- ©MK2 1984
- Directed by: Jacques Doillon
- Written by: Jacques Doillon
- Produced by: Jean François Lepetit
- Starring: Sami Frey; Mara Goyet; Juliet Berto; Juliette Binoche;
- Cinematography: Michel Carré
- Edited by: Nicole Dedieu; Claude Ronzeau;
- Distributed by: 20th Century Fox
- Release date: 13 February 1985;
- Running time: 90 min.
- Country: France
- Language: French

= Family Life (1985 film) =

Family Life (La Vie de Famille) is a 1985 French film by Jacques Doillon.

== Plot ==
On Saturday morning, Emmanuel has a domestic dispute with Natacha, his partner's teenage daughter, before leaving to spend the day with his own daughter, Elise, whom he had with Lili.

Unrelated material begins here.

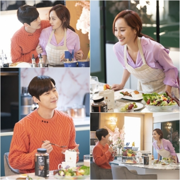 이와 관련 유진과 윤종훈이 신혼부부를 연상케 하는 달달함으로 서로를 마주 보고 있는 현장이 공개돼 설렘을 자극하고 있다. 극 중 오윤희와 하윤철이 함께 아침 식사를 하는 장면. 음식을 준비하고 있는 오윤희에게 하윤철이 다가서고, 이내 두 사람은 탁자를 사이에 두고 앉아 다정한 눈 맞춤으로 로맨틱한 분위기를 형성한다. 복수를 위해 위장 결혼을 한 비즈니스 커플이지만, 과거 첫사랑 관계였던 만큼 앞으로 두 사람의 감정이 어떻게 발전하게 될지 관심을 모으고 있다.
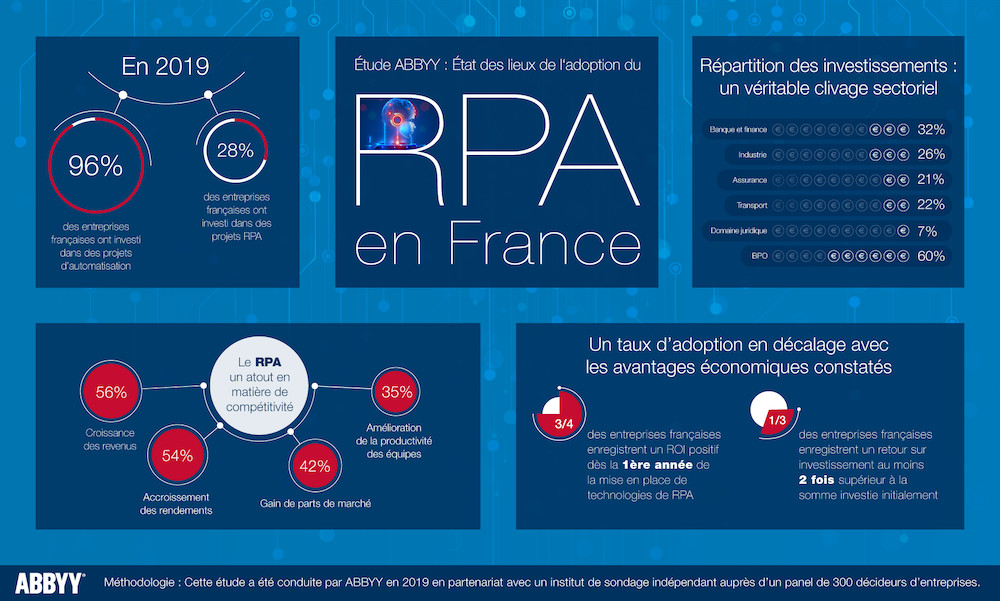 Selon une étude réalisée par ABBYY, le spécialiste de solutions d'intelligence digitale, 96 % des entreprises françaises ont investi dans des projets d'automatisation en 2019. Les systèmes automatisés et l'intelligence artificielle sont les technologies d'automatisation les plus populaires. Pourtant, seulement 28 % des entreprises françaises déclarent avoir investi dans le RPA, qui est pourtant essentiel pour tirer parti des technologies d'automatisation susmentionnées.

The father and daughter improvise a trip together.

== Cast ==
- Sami Frey as Emmanuel
- Mara Goyet as Elise
- Juliet Berto as Mara
- Juliette Binoche as Natacha
- Aina Walle as Lili, Elise's mother
- Simon de La Brosse as Cédric

==Production==
In 2024, Mara Goyet revealed she felt particularly uncomfortable during filming at the age of 10. For her, the atmosphere that reigned on the set was clearly "incestuous".